In a panel discussion amongst Hon Duopu and Hon Klafleh, the Assistant Minister of Health for Preventive Services, Hon Joyce Sherman, the County Health Officer of Grand Kru, Dr Siana Jackson Mentoe, and the Assistant Director for Human Resources Development at the Ministry of Health, Marvin Davis, panellists stressed the need for an inclusive and gender equitable approach to health workforce planning, -development and -management. The proportion of women in Liberia’s workforce is increasing but attrition in rural areas is higher among women than men. Also, women are mainly found in ‘caring’ professions, and rarely in higher-paid ‘technical’ and leadership roles such as doctors.

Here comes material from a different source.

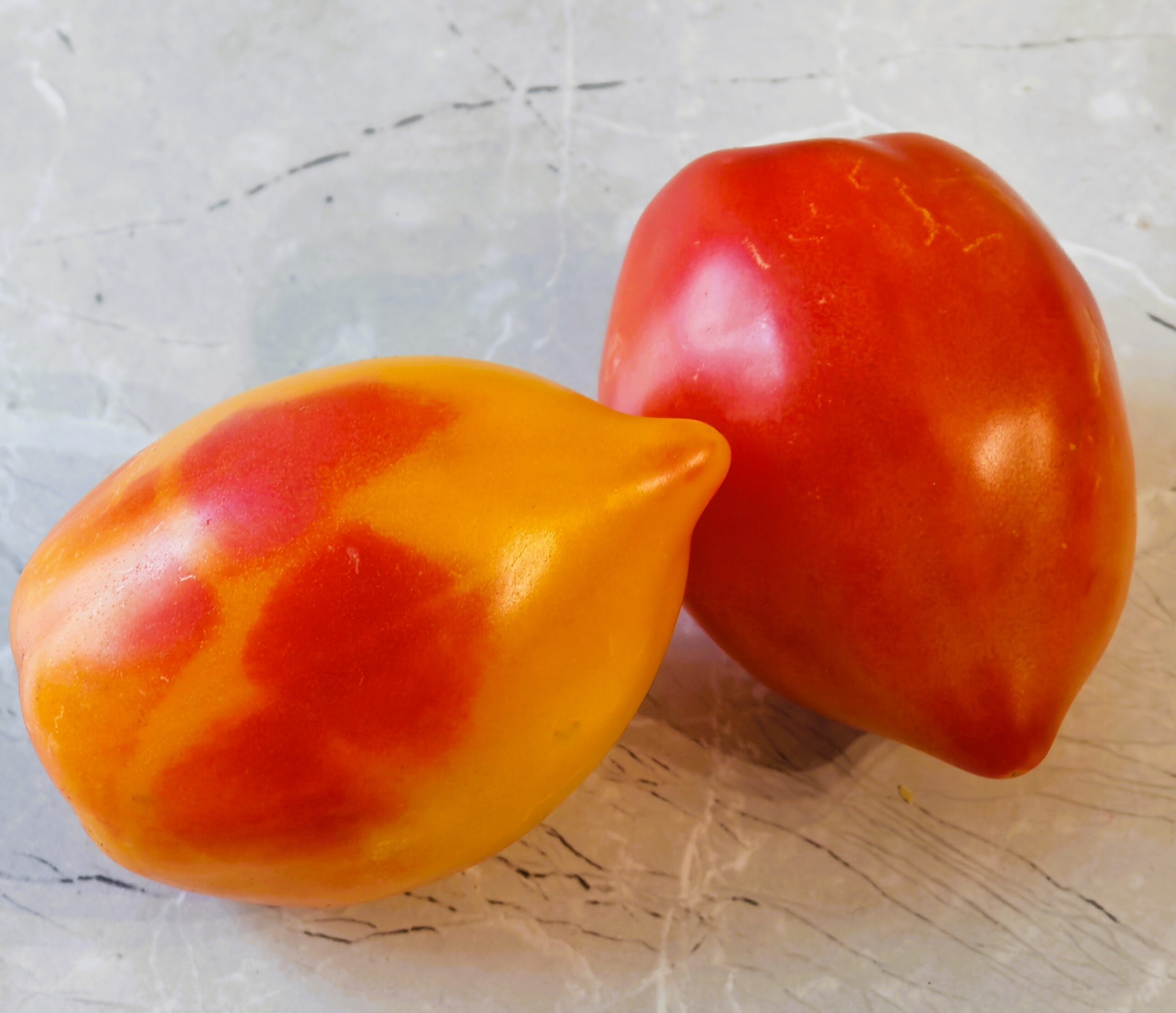 Kolor/ Kształt: Owoce o wydłużonym, śliwkowym kształcie, zakończone spiczastym zakończeniem. Skórka pomarańczowożółta, w dojrzałości przybierająca różowoczerwony rumieniec. Soczysty, dwukolorowy, pomarańczowo-żółty miąższ z różowymi żyłkami. Wyśmienity smak.

Dr Jackson Mentoe recalled a moment when she was preparing to perform a surgery and her patient asked: ‘Where is the doctor?’ When she responded that she was the doctor, the patient couldn’t believe it. According to Dr Jackson Mentoe, female role models in medical professions are critical to show young women ‘If she can do it, I can do it’. The other discussants concurred that support to women’s empowerment in the health workforce could improve health system performance, promote gender justice and Liberia’s national development overall. They also underlined that women and men had to work as partners to succeed in this quest.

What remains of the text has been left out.